One plus-size girl opens up on her struggle with self-esteem
Throughout my entire life, I’ve had a tough time liking what I saw in the mirror. Now that I’m in my early 20s, I think I’ve finally cracked the code to believing in myself and being ok with my body. Everything isn’t perfect and I’m still learning but I want to share how I got that negative voice that was in the back of my mind to hush for good (most days!).
I started to gain weight when I was really young. In elementary/middle school I was teased a lot even by my closest friends and family members. I started to feel down on myself and I didn’t know what to do...I pretty much gave up. I thought if I exercised more that I would finally be happy with myself, but when I didn’t do that, I would punish myself internally and this inner mean girl voice was created.
She told me that I was disgusting, that I wouldn’t make anyone happy with whatever I did and that I was unworthy of being loved. It got so bad that in the summer before senior year, I stopped eating. I thought that was the only way to lose weight besides exercising but luckily enough, my mom and grandmother paid attention to my actions and set me straight. However, even when I started eating again, I was still unhappy and got extremely sick. I was in a relationship at the time and my issues with myself were putting a strain on everything.
After graduating from high school, I was excited to start a new chapter in my life. But by the end of my first semester, my relationship was over and the negative voice came back even stronger. I felt like I was in a black hole that I couldn’t get out of. Until the morning I woke up and realized I should be focusing on my ultimate happiness and not anyone else’s.
I started working out and eating healthier (not to lose weight, but to build my confidence), and it felt amazing. I used to dread going to the gym but it was starting to become a new love of mine. I started to feel more confident with myself overall and have been for awhile, even when life isn't perfect or when I slip up. I noticed that the way I was talking to myself wasn’t healthy for me mentally and emotionally and I started to change my perspective to a more positive one. That negative voice would tell me things that seem to be impossible to fix but when I started to tell myself that things can change if I worked hard enough to make my goals into reality, that negative voice started to fade again.

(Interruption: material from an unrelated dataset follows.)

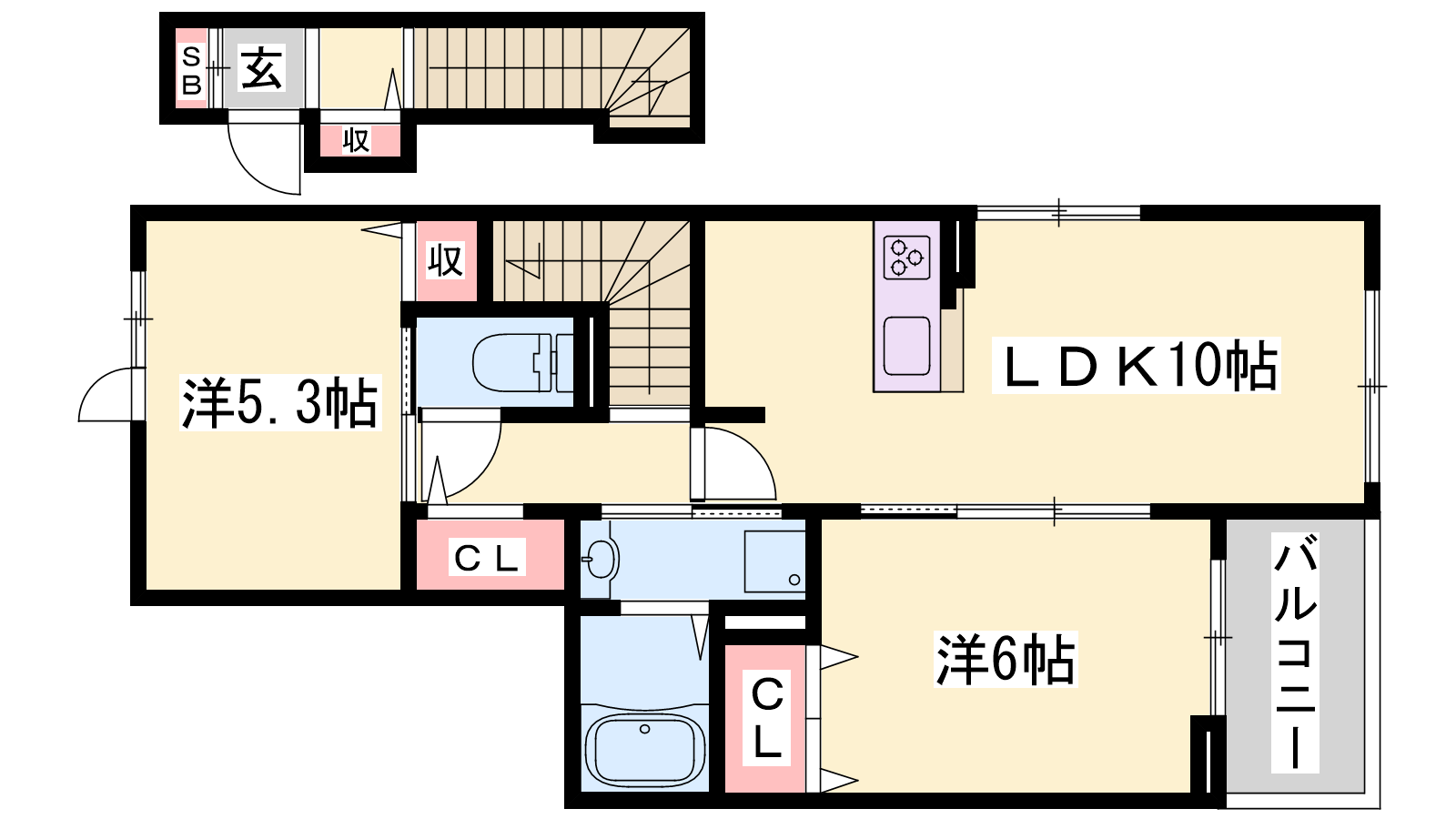 - LDK10帖、洋室6帖、洋室5.3帖

The moral of the story: We tend to be our own worst critics. We have to change our own narrative and how we speak to ourselves internally. Of course, I still have down days but there are more days where I feel happier overall with myself and the things that I accomplish. My mean girl voice is barely a whisper now.
Sometimes, it just takes having patience with yourself to get things right. It’s not going to happen overnight so just remember to give yourself time to learn and grow from your experiences and mistakes. Those things will help build you into the person that you want to be.